Who Needs Napa? The North Shore's Got a Winery Worth the Trip
At Mill River Winery in Rowley, sip local pours and learn how wine is made, from dirt to bottle.
Standing in the sunny vineyard of Mill River Winery in Rowley, Donna Martin tells a group of visitors about her first shipment of vines in 2012. “I had been telling everyone, ‘The vines are coming! The vines are coming!’” she says, recalling how she gathered family and friends in anticipation of the plants’ auspicious arrival. What was unloaded from the delivery truck was not what she envisioned. The 200 nursery-grown specimens filled just two modest boxes. “I was totally underwhelmed,” Martin quips. Each year-old vine was no bigger than a stick. Guests, nevertheless, were put to work. They spent the day untangling the vines’ long, filamentous roots, readying them for planting.
Martin and her partner Rick Rousseau know that surprises are inevitable when you own your own winery. How they came to make wine together on the North Shore has a backstory. The two met when Rousseau was working as a contractor; he was a hobbyist winemaker on the side. Martin, a corporate chemist, found that winemaking provided a whole new arena in which to exercise her scientific acumen. “It’s a very challenging, multi-faceted role,” Martin says of making wine and running a business. “There’s a lot of satisfaction doing it.”
Since opening the winery in 2011, the couple has expanded their line of pours to more than a dozen styles, using both international varietals and grown-in-Massachusetts grapes. It’s a boutique-sized operation. The couple makes about 3,500 cases annually. Located an hour’s drive from Boston, a visit to the little more than three-acre property is one of the most enjoyable staycations around. It’s also a great place to learn how wine is made, as they say, from “dirt to bottle.”
During a Saturday afternoon tour, Martin shares that the winery is housed in a renovated 1890s-era cider mill. In the 1970s, its “hippy phase,” the property was better known for its bohemian owners than its agricultural products. Today, the winemakers want to revive the cider-making tradition on site, so they're cultivating a mini-orchard of apple trees out back. Leafy grape vines, thriving in neat rows, are the most visible of the fruit-bearing vegetation on their land.

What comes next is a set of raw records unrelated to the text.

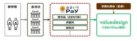 バリューデザインは4月、京都仏教会と共同開発した寺院・神社専用のキャッシュレス決済サービス「おまいりPay」を提供開始した。4月時点では京都の慈照寺(銀閣寺)、永観堂禅林寺、相国寺承天閣美術館で導入し、順次拡大する。拝観料への対応は2026年7月を予定する。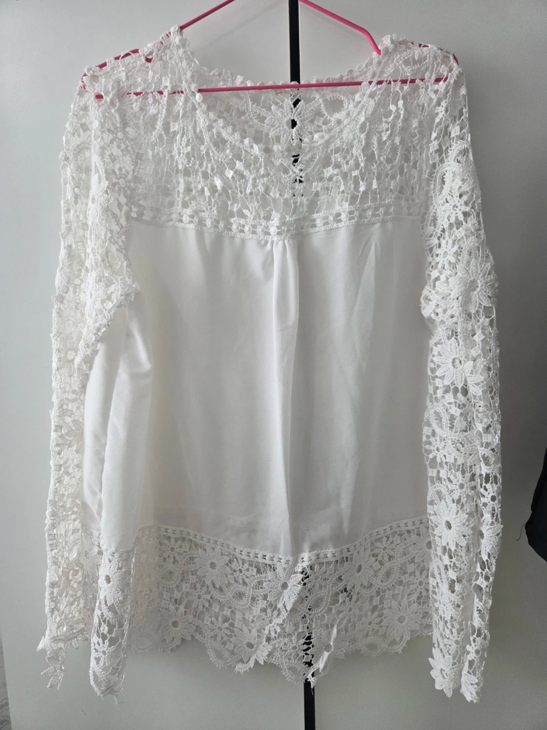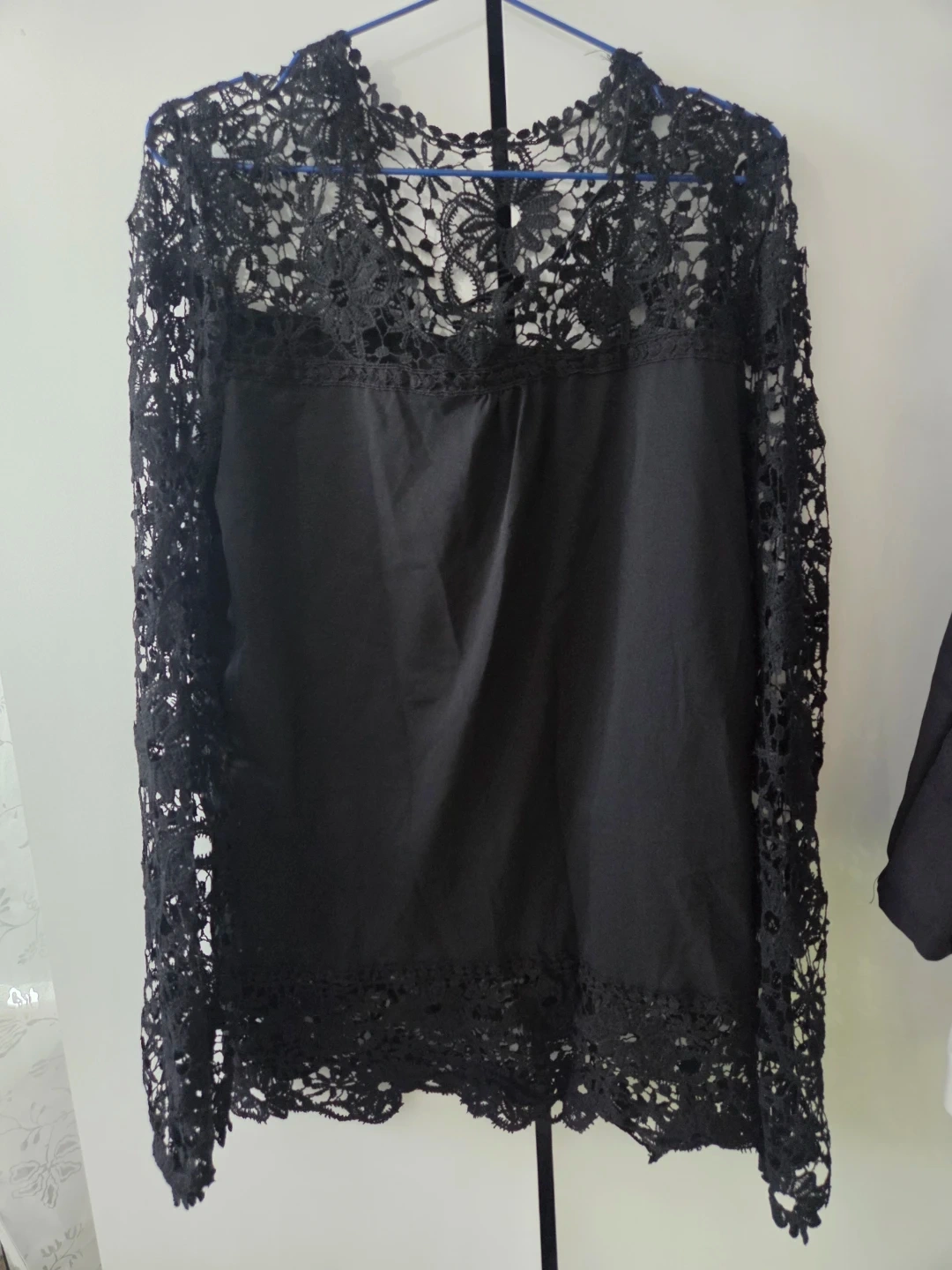 This black blouse features beautiful all-over lace detailing on the sleeves and hem. It's a stylish piece perfect for dressing up an outfit. The fabric appears to be a lightweight polyester blend.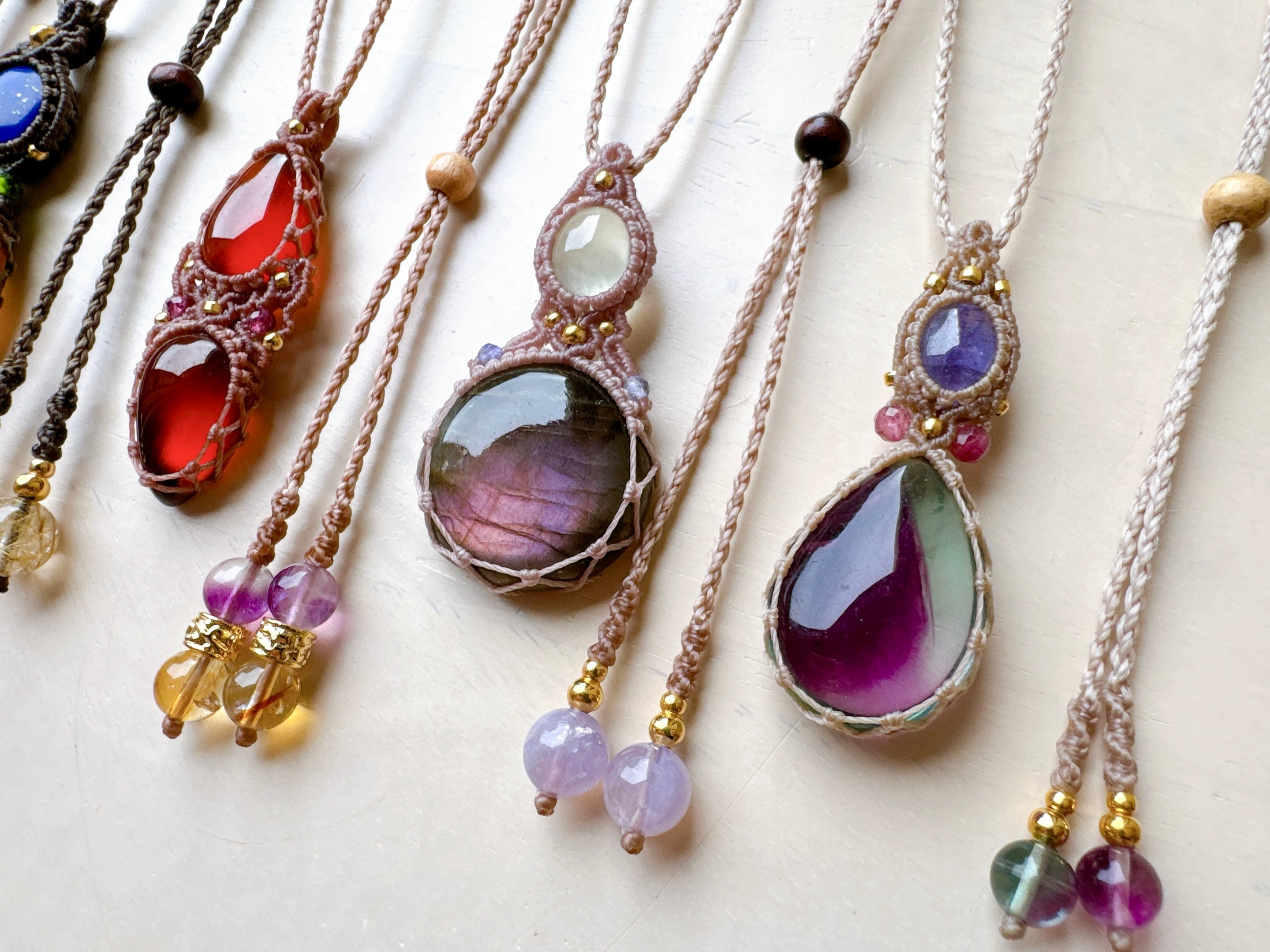 ペンダントトップにはピンクトルマリン、首紐にはフローライトビーズを使用しています。

“Here, we say, ‘local wines, global vines,’” explains Martin. While the duo grows some of their own grapes and also sources from Massachusetts vineyards, the bulk of their fruit comes from California, Chile and Italy – places that offer consistently hospitable growing conditions for Vitus vinifera, the species from which most of the world’s wine is made. They call their wines “local” because subsequent steps — sorting, crushing, destemming, fermenting, aging and bottling — all happen on site. The integrity and freshness of the grapes — whether hailing from nearby or afar — is essential. “You can make bad wine from good grapes,” says Martin, “but you can’t make good wine from bad grapes.”
This past spring, the winery released its first estate-grown red, made from frontenac grapes. The cold-hardy hybrid, originally bred by the University of Minnesota, does well in the rugged New England climate. All 54 cases of half bottles sold out shortly after release. Fortunately, 100 cases of the 2015 vintage will be available at the end of the summer or early fall. (Get ready! The dry, cherry-scented pour will likely be snatched up as quickly as the prior release.) In the meantime, there’s plenty of wine to taste at the tasting counter — from a limited edition cabernet franc-montepulciano blend to a fruity, easy-drinking Plum Island white crafted from pinot grigio and malvasia bianca.

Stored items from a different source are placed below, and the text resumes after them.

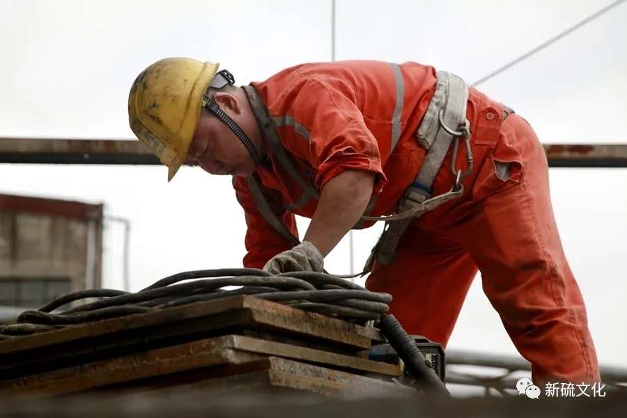 地面上大吊車、大貨車,選礦廠相關(guān)負(fù)責(zé)人、技術(shù)人員、安全員等忙著起吊龐然大物時,“焊高組”在底座上也一刻沒閑著,拖運電焊設(shè)備、準(zhǔn)備焊接材料、在底座上鋪水泥保持平面,各個槽體支腳找平衡......由于底座緊挨著磨浮車間,空氣不流通,加上天氣悶熱難擋,武裝整齊的好“焊”們一會就汗?jié)窳斯ぷ鞣?,汗珠順著安全帽壓著的發(fā)根往下滾。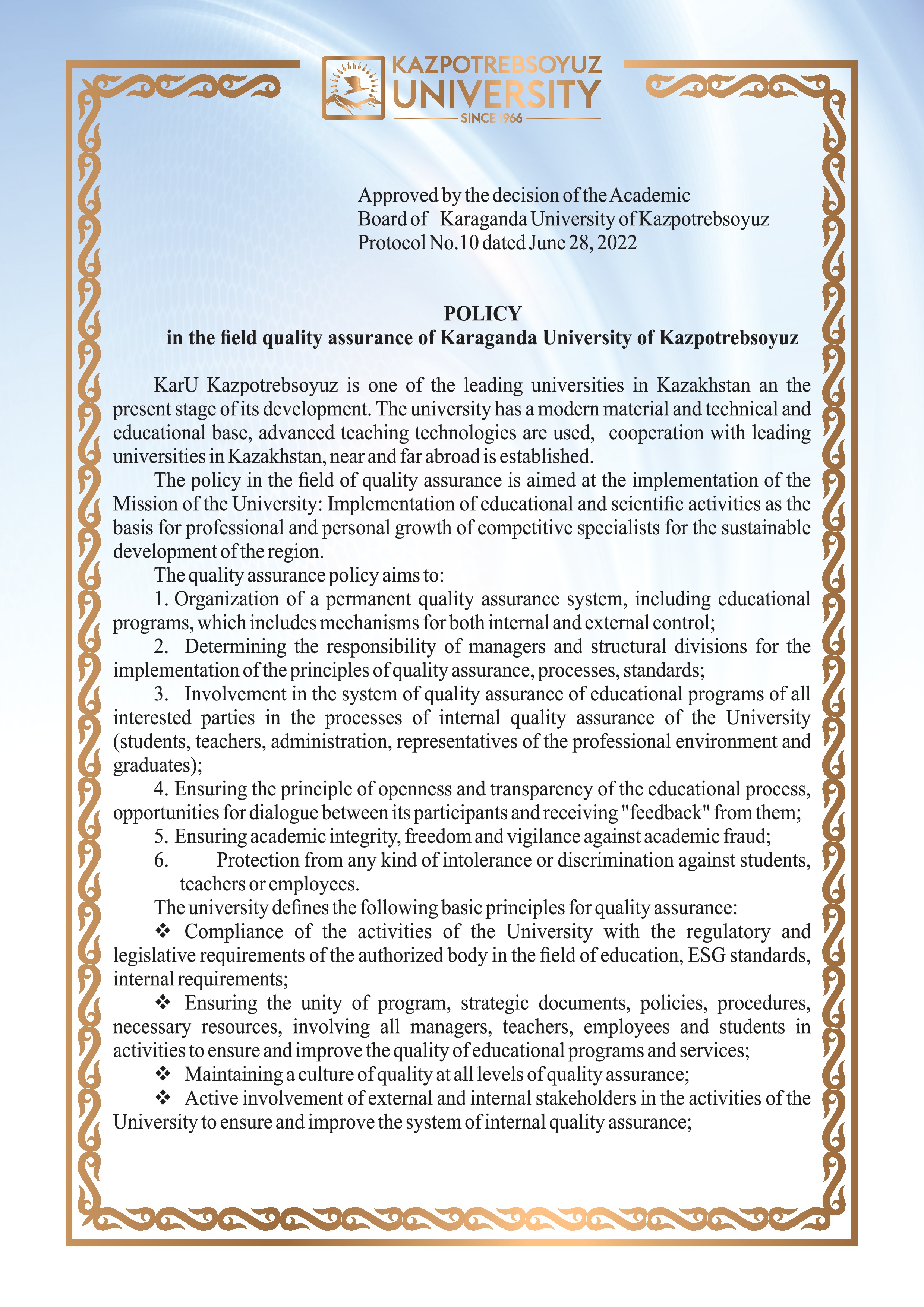 - Register of internal documents of the internal quality assurance system of KarU Kazpotrebsoyuz
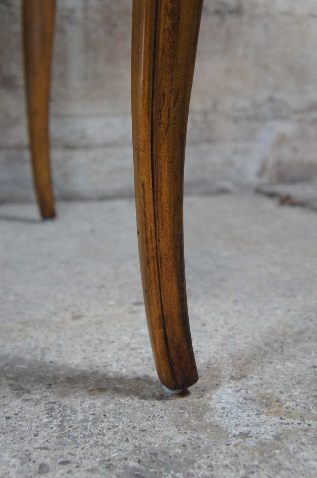 Henredon French Country side table. Circa 1986. Made from Walnut with an inset bookmatched walnut top over a carved and scalloped arpon. The tables are supported by cabriole legs with shell and cartouche carvings. Style No 3201-42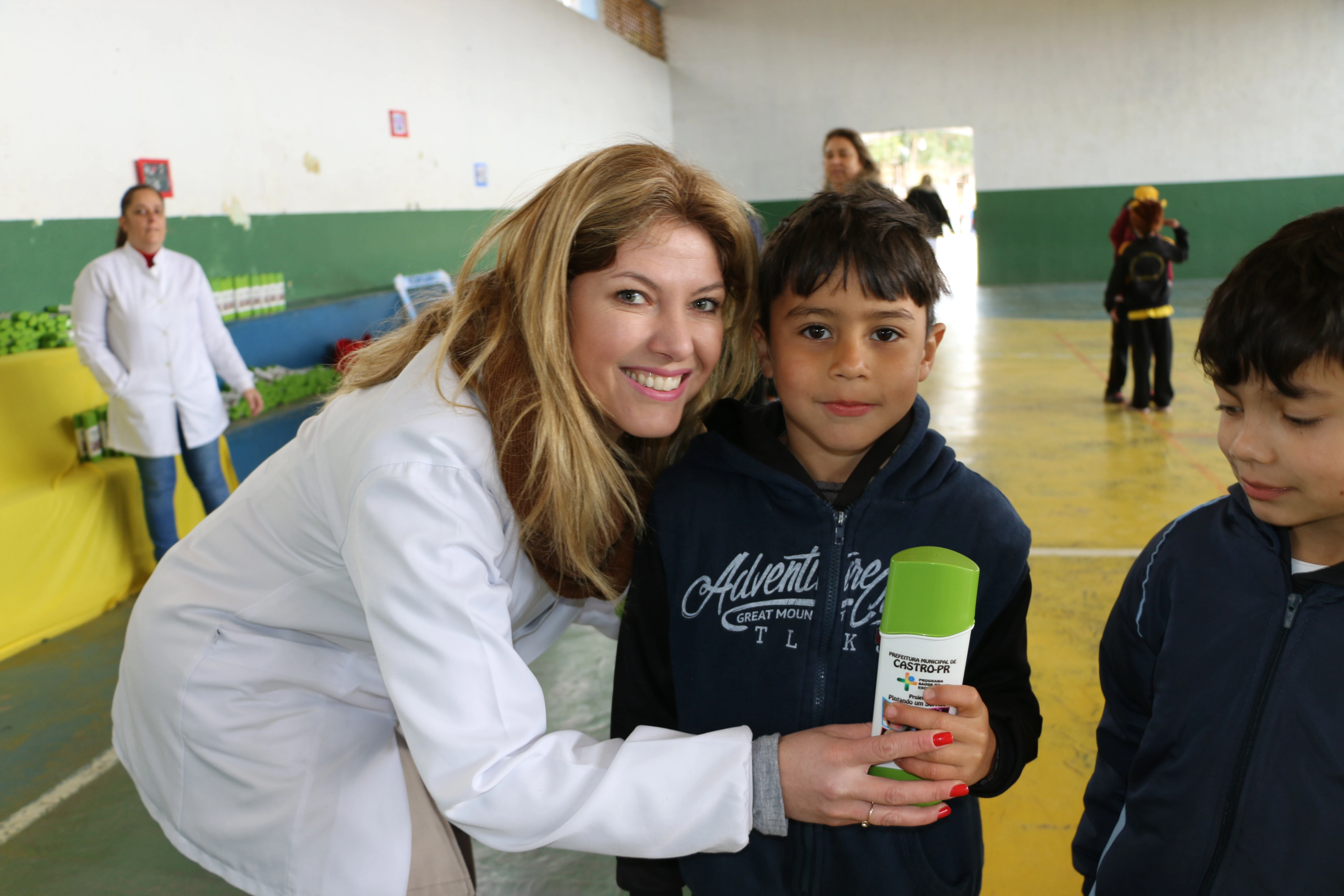 IMPRENSA/Castro - A Secretaria Municipal de Saúde de Castro iniciou na segunda-feira (13) a entrega de kits com estojo, escova, pasta de dente e fio dental para alunos da rede municipal de ensino. Para as crianças a partir de três anos dos Centros Municipais de Educação Infantil (CMEIs) o kit contém escova e livro de orientação para os pais. As escolas receberam flúor para uso semanal em bochechos. A atividade faz parte do projeto “Pintando um Sorriso”, desenvolvido em parceria entre as secretarias de Saúde e Educação.

Finishing up a tour of the manufacturing room — packed tightly with stainless steel tanks, barrels, and other state-of-the art winemaking equipment — we're getting ready to pop by the spacious tasting room. It’s quickly filling with day-trippers after an afternoon at the beach. Before we exit, Martin draws teensy pours from a tank of malbec, recently crushed and inoculated with yeast. Still early in the process of becoming wine, it sports a vivid lavender rim, a hue characteristic of young, highly pigmented reds. It offers green pepper aromas, a grippy texture, and plenty of cherry-berry fruit on the palate. Bright and lively even in its raw form, it’s clear that these winemakers know what they’re doing — a realization that comes as no surprise at all.
Mill River Winery is located at 498 Newburyport Turnpike (US Route 1) in Rowley, 978-432-1280, millriverwines.com. Take a tour Saturdays and Sundays at 3pm, weather permitting. In the meantime, purchase a Plum Island White Wine (around $15) at Dion’s, Lexington Street, Waltham, 781-894-1999; and Colonial Spirits, Acton, 978-263-7775.